Exercise directions – Repeat every record below exactly, but leave out any pictures.

Task inputs –
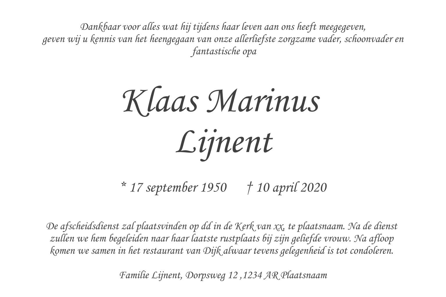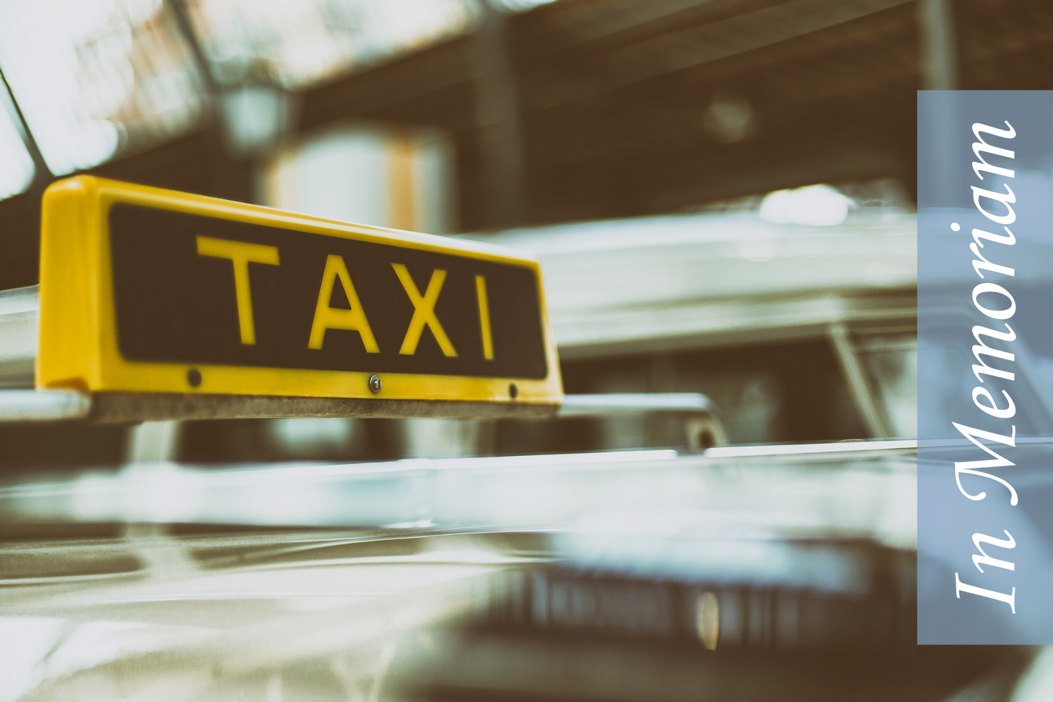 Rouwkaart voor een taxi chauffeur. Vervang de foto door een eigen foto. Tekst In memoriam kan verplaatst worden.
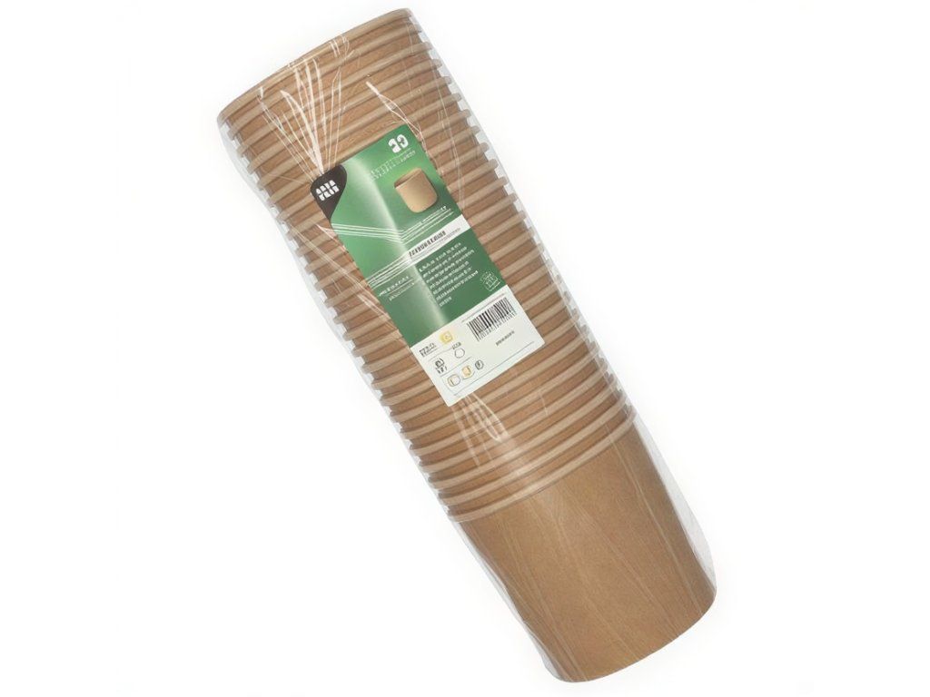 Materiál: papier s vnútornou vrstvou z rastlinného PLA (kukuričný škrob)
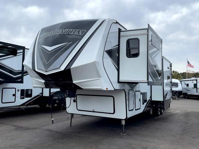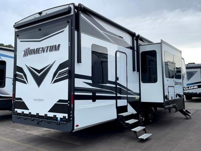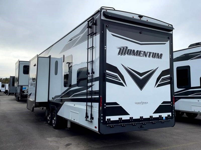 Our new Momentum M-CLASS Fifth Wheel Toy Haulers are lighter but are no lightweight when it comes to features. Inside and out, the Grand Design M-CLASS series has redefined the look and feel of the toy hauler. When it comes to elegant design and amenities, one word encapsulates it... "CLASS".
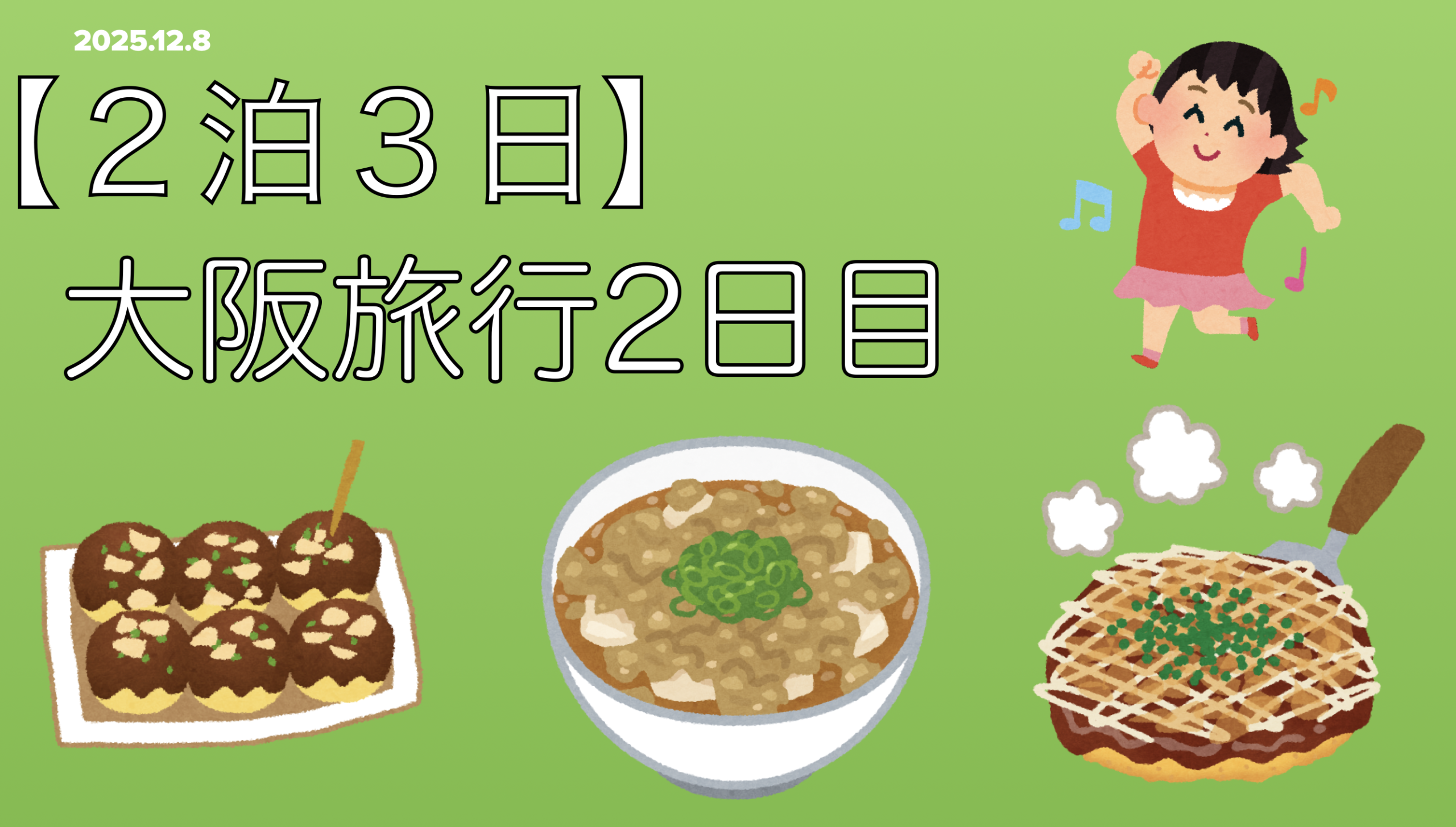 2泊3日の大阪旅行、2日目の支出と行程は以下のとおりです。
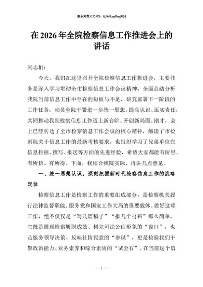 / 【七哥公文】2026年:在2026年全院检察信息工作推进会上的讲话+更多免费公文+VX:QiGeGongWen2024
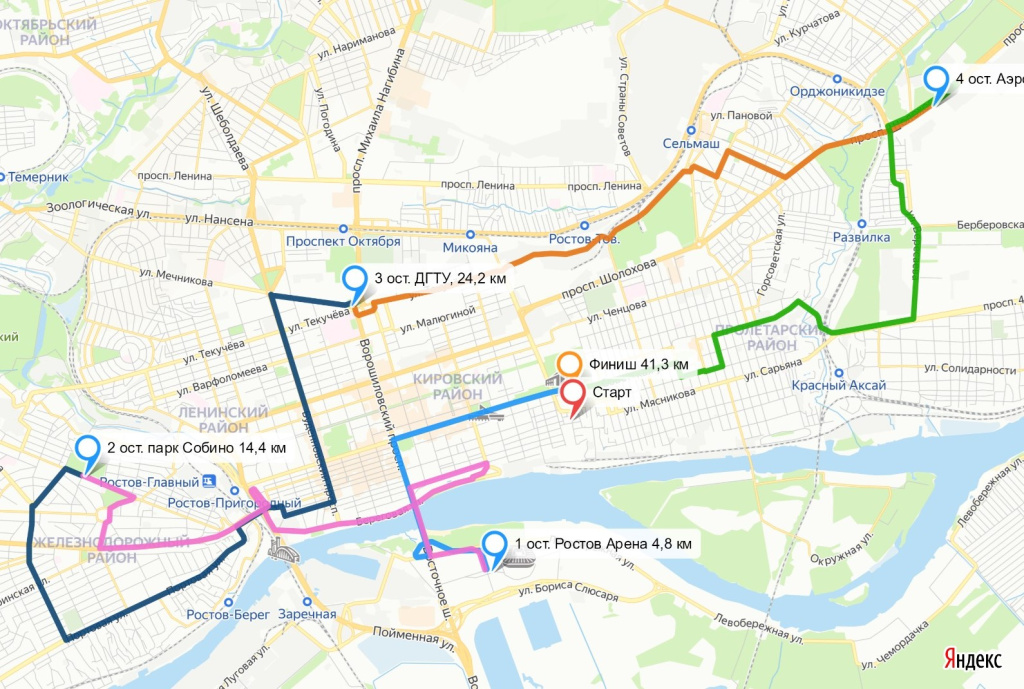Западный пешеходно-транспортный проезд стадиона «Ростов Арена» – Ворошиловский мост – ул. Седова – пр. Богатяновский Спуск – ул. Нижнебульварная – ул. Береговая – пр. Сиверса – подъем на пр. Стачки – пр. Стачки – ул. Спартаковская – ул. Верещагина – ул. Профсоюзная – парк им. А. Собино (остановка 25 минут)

Response area –
 Rouwkaart voor een taxi chauffeur. Vervang de foto door een eigen foto. Tekst In memoriam kan verplaatst worden.
 Materiál: papier s vnútornou vrstvou z rastlinného PLA (kukuričný škrob)
 Our new Momentum M-CLASS Fifth Wheel Toy Haulers are lighter but are no lightweight when it comes to features. Inside and out, the Grand Design M-CLASS series has redefined the look and feel of the toy hauler. When it comes to elegant design and amenities, one word encapsulates it... "CLASS".
 2泊3日の大阪旅行、2日目の支出と行程は以下のとおりです。
 / 【七哥公文】2026年:在2026年全院检察信息工作推进会上的讲话+更多免费公文+VX:QiGeGongWen2024
Западный пешеходно-транспортный проезд стадиона «Ростов Арена» – Ворошиловский мост – ул. Седова – пр. Богатяновский Спуск – ул. Нижнебульварная – ул. Береговая – пр. Сиверса – подъем на пр. Стачки – пр. Стачки – ул. Спартаковская – ул. Верещагина – ул. Профсоюзная – парк им. А. Собино (остановка 25 минут)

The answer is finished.